India’s Budget 2024 and Economic Survey suggest trouble ahead

By RN Bhaskar

The Economic Survey was tabled before the Parliament on Monday 22 July 2024.  The next day, the finance minister tabled her Budget proposals. If one goes by the hype surrounding both announcements, India should be cheering.  But . . . there could be trouble ahead.

Take some of the budget proposals.

The Budget is supposed to be much more than an accountant’s balance sheet.  It is meant to signal to the world that the government wants to make India a business- and investment-friendly place.   But the provisions of the budget do quite the opposite.

Capital punishment

Let’s look at capital gains.  The government claims to have streamlined long-term capital gains from three time-slabs to just two.  One is holding listed financial assets such as shares and equity mutual funds for a period of 12 months, and the other, for unlisted financial assets and assets such as real estate and gold for 24 months. But it has also removed the key benefit that investors had – indexation.

Short term capital gains tax has been hiked from 15% earlier to 20% and long-term capital gains tax has been hiked from 10% earlier to 12.5%.

So, on the one hand the government wants the private sector to invest in companies and the capital markets, and on the other it has begun taxing them higher.

Worse, for the second year in running, the government has loaded more taxes on the few Indians who actually pay income tax – only 2.2% of adult population are income taxpayers.  The entire corporate sector pays less taxes than individuals.

True, long-term tax on stocks and equity mutual funds has been exempted for sums up to 1.25 lakh a year.  So, the lowest category of investors has been spared, but not the middle class or the wealthy class.  A nation’s health is often judged on the basis on the comfort and wellbeing of the middle class. People in this segment are being squeezed savagely (https://asiaconverge.com/2021/04/shrinking-middle-class-roil-india-badly/).  As one analyst put it excellently, “The government has actually introduced estate duty clandestinely, for all, not just for the wealthy.”  Thus, India remains a highly unequal society, which the Budget does not address at all.

Now all property sales will involve a tax without indexation.  This is going to hurt investments in the real estate sector.  Or it will thus mean a larger share of black money transactions. Charming way to grow the economy.

Jobs and internships

Just listen to what Jayant Chaudhary Minister of State (Independent Charge), Ministry of Skill Development, and Entrepreneurship has to say in his address on 24 July 2024 on the government’s proposals for creating jobs and improving skills (https://pib.gov.in/PressReleaseIframePage.aspx?PRID=2036246) .

  • Nirmala Sitharaman, has unveiled the Prime Minister’s package, comprising five key schemes and initiatives aimed at creating substantial employment and skilling opportunities. This ambitious package is set to benefit 4.1 crore youth over the next five years, backed by a central outlay of Rs.2 lakh crore.
  • the budget has allocated Rs.1.48 lakh crore specifically for education, employment, and skilling, underscoring the government’s commitment to these vital areas. It is important to check this numbers against the allocations for education over the past few years (see below). It is not known whether these allocations will be over and above the existing allocations for education – which are shrinking – or whether they will be transfers from other schemes to the newly announced ones.
  • Another initiative provides a one-month wage upon joining the formal workforce, supported by a direct benefit transfer (DBT) equivalent to one month’s salary (up to Rs.15,000) disbursed in three instalments. With a salary cap of Rs.1 lakh per month, this scheme aims to support 210 lakh youth entering the workforce for the first time.
  • Over the next five years, 1,000 ITIs will be modernized through a hub-and-spoke model, supported by a total outlay of Rs.60,000 crore. This initiative includes a new Centrally Sponsored Scheme, developed in collaboration with states and industry, to ensure that skilling outcomes meet high standards of quality and relevance. The budget breakdown is as follows: Rs.30,000 crore from the Government of India, ₹20,000 crore from state governments, and Rs.10,000 crore from industry contributions, including CSR funding.

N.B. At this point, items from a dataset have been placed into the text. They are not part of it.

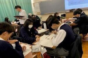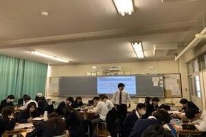 世界史探究の授業でジクソー法を使い「モンゴル帝国の拡大によって起こった変化は人類史においてどのような影響を持っていたかを考察する」という研究授業でした。3種の資料について班に分かれて課題を理解し、他の班のメンバーに説明する活動を通して理解を深めていました。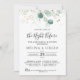 Den här grönten i guld lämnar kalligrafi-middagsinbjudan är perfekt för ett klassiskt bröllop-repetitionsmöte i firande. Konstruktionen har elegant vattenfärgsgrönt och guld eucalyptus löv.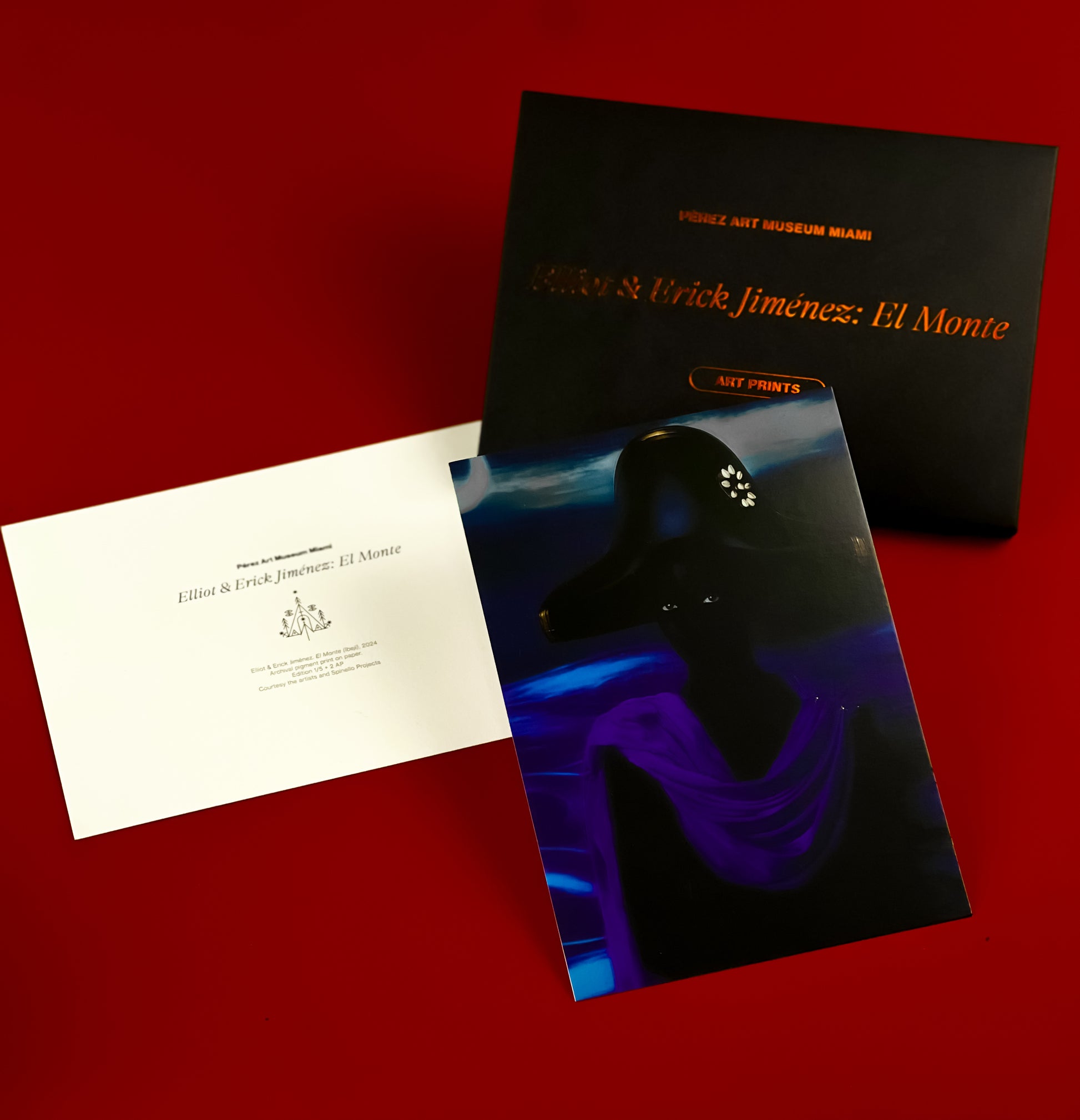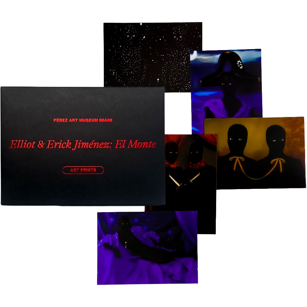 Together, these works embody the Jiménez brothers’ vision—layering Lucumí (Santería) cosmology, Catholic iconography, and Western art history into a syncretic spiritual language. As identical twins, their practice is itself an act of duality and mirroring, a dialogue between the visible and invisible, the earthly and cosmic. This set includes five 5×7 prints beautifully packaged and ready for display—a perfect keepsake from PAMM’s groundbreaking exhibition, a gift for art lovers, or a meaningful addition to your own sacred space.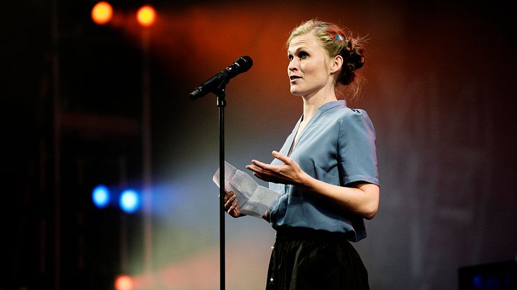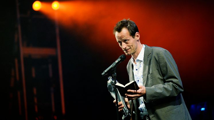 Årets Dramatiker 2016 går til Peter Asmussen for den dystre tableau-forestilling ’Soli Deo Gloria’ på Betty Nansen Teatret. Dramatiker, instruktør og teaterleder Simon Boberg modtager her prisen.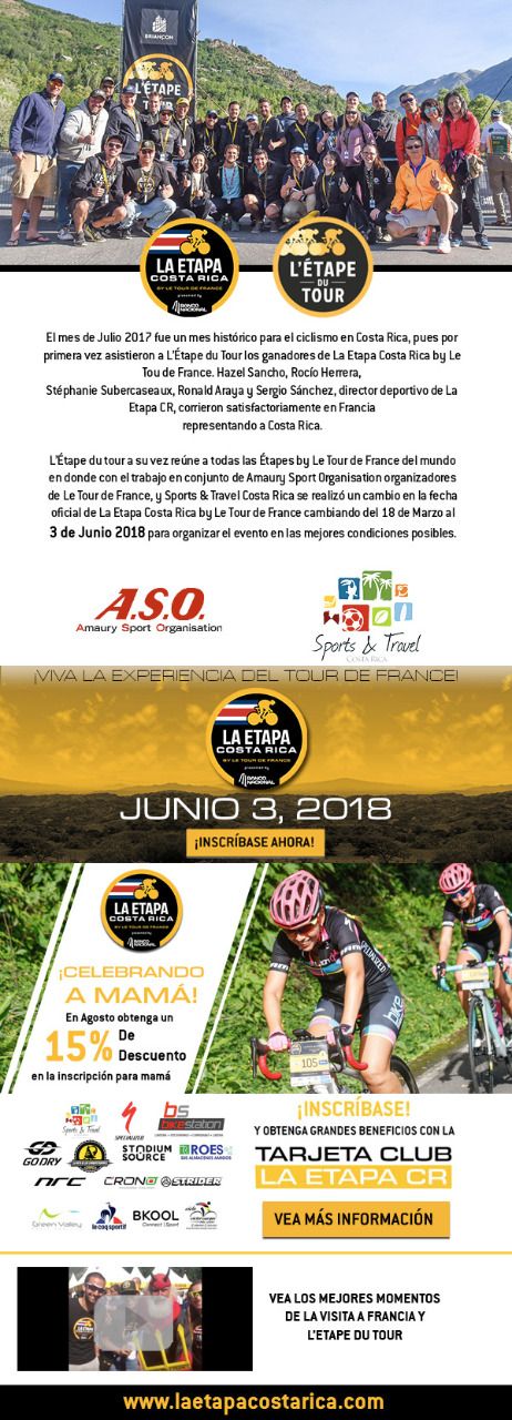 L'équipe de Sports and Travel Costa Rica change la date de la seconde édition de La Etapa Costa Rica by Le Tour de France pour une meilleure adéquation au calendrier international. L'événement aura donc lieu le 3 juin 2018.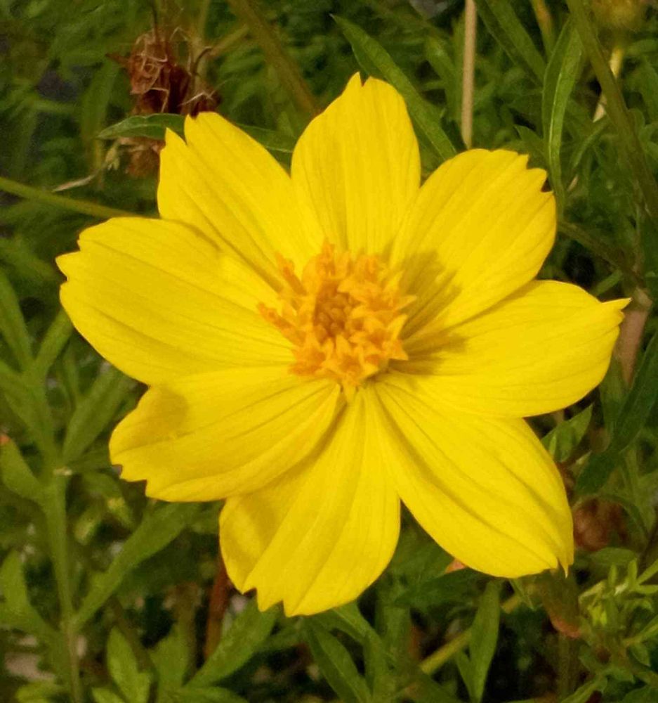 通りすがりの、とあるお店の花壇に咲いていましたキバナコスモスの花☺️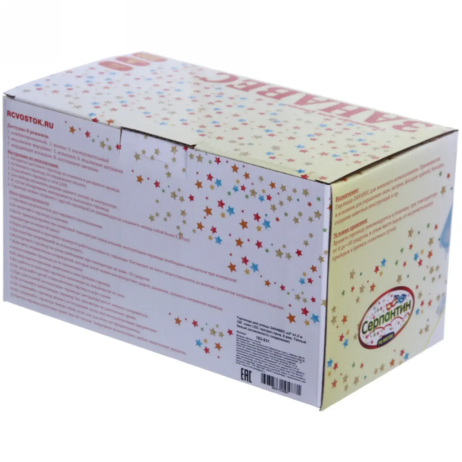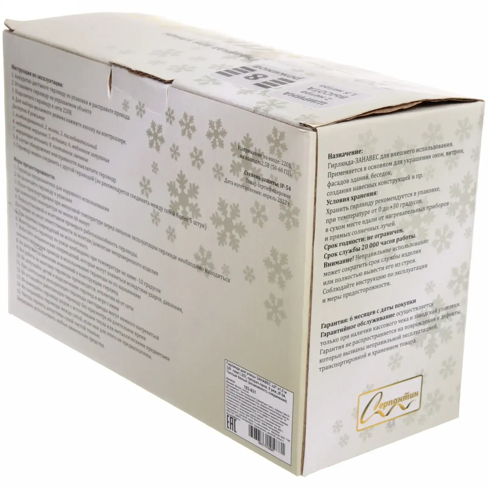 Гирлянда выполнена из качественных материалов: металл и пластик, что обеспечивает её прочность и устойчивость к внешним воздействиям. Упаковка содержит всю необходимую информацию о характеристиках и способах подключения. Не упустите возможность сделать ваш праздник незабываемым с гирляндой 'ЗАНАВЕС'!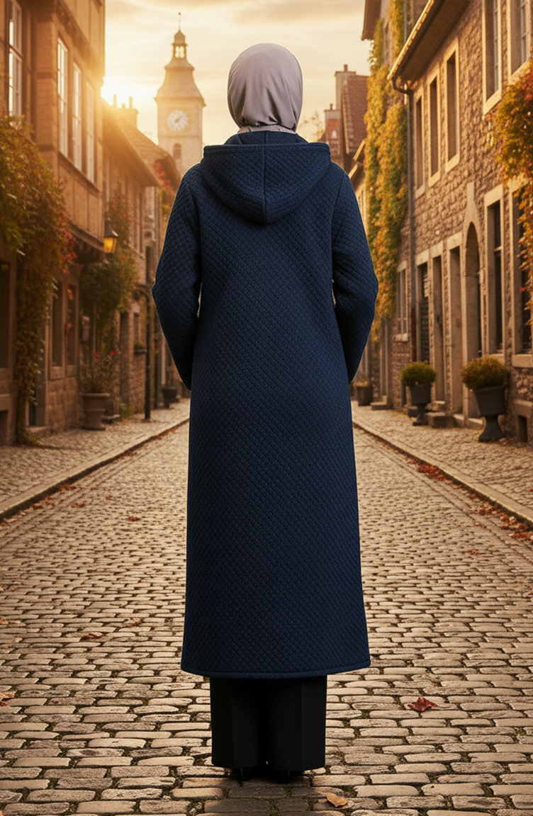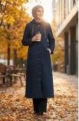 Lacivert renktedir. Kapitone. Sade. Düğmeli. Kışlık. Büyük beden seçeneği mevcuttur.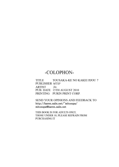 (C78) [MTSP (Jin)] Tohsaka-ke no Kakei Jijou 7 (Fate/stay night) [English] [Ayane]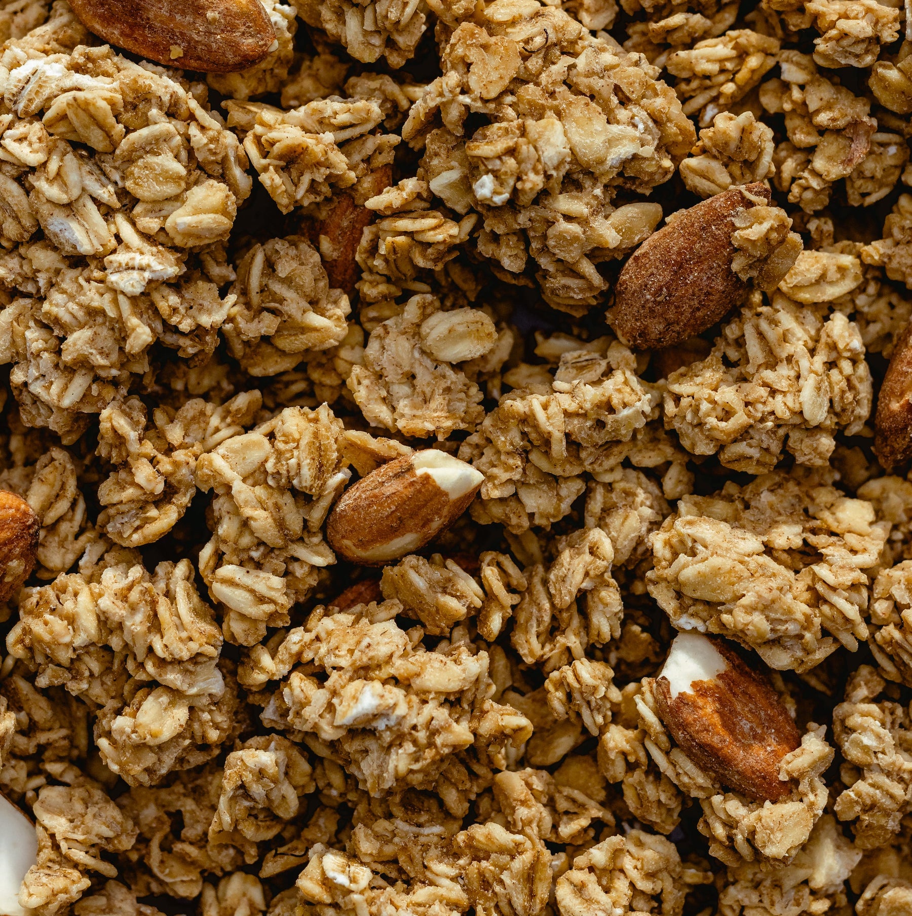 Ingredients: Organic rolled oats, organic coconut oil, raw honey, pure maple syrup, organic soaked and sprouted crispy almonds, organic bananas, organic vanilla, organic almond extract, organic cinnamon, Celtic salt, organic lemon juice. Nothing else.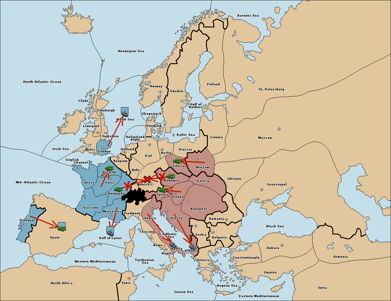 The fleet at Mid-Atlantic Ocean move to Western Mediterranean.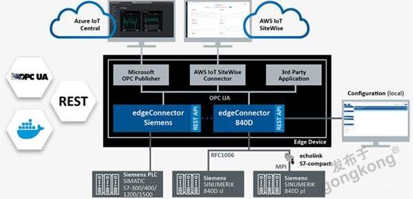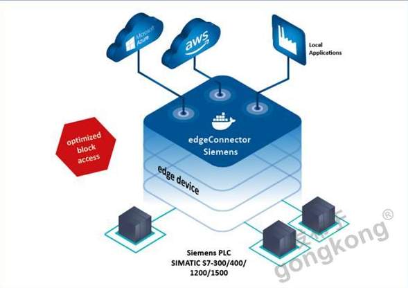 edgeConnector Siemens使您能够访问SIMATIC S7-1200和S7-1500数据,包括优化的数据块。V1.20版本还支持SIMATIC S7-300/400控制器。客户端应用程序可以通过互操作性标准OPC UA访问数据。可以通过内置的Web接口在本地配置产品,也可以通过REST接口远程配置产品。它可以与Azure IoT Edge和AWS IoT Greengrass无缝集成,也可以通过Docker Hub等在线存储库使用。

The upgrade will involve redesigning existing courses, introducing new ones, and offering specialized short-term programs at hub ITIs. Additionally, the capacity of five national institutes for trainer training will be augmented. This program is set to benefit 20 lakh students

The above statements indicate the following.

  1. That the government expects 210 lakh – or 21 million — new jobs to be created. This is definitely higher than the 8 million jobs the Economic survey says India needs to create each year. But, India has not created jobs for the past 10 years. That number has not been provided. Moreover, if these young people do not have the benefit of good school education, they will still remain largely unemployable.  Even if the government meets its targets – which is highly unlikely – the unemployability factor will continue to haunt this country.  It is better to begin with quality education first.
  2. The government plans infusing Rs.60,000 crore into ITIs. The truth is that most it is have not been functioning well, compelling the previous government to hand over some of these it is to better manages vocational institutes in the country. Since government funding for such takeovers has not been adequate, such offers for helping distressed ITIs has not been forthcoming. The best vocational managements are with the Aga Khan Trusts and Don Bosco.  But, presumably, as they are not Hindu organisations, this government has not asked them to help run vocational education centres more effectively. That is sad, even stupid. If the best in India cannot train Indian youth, the country could see more pain on the employment front.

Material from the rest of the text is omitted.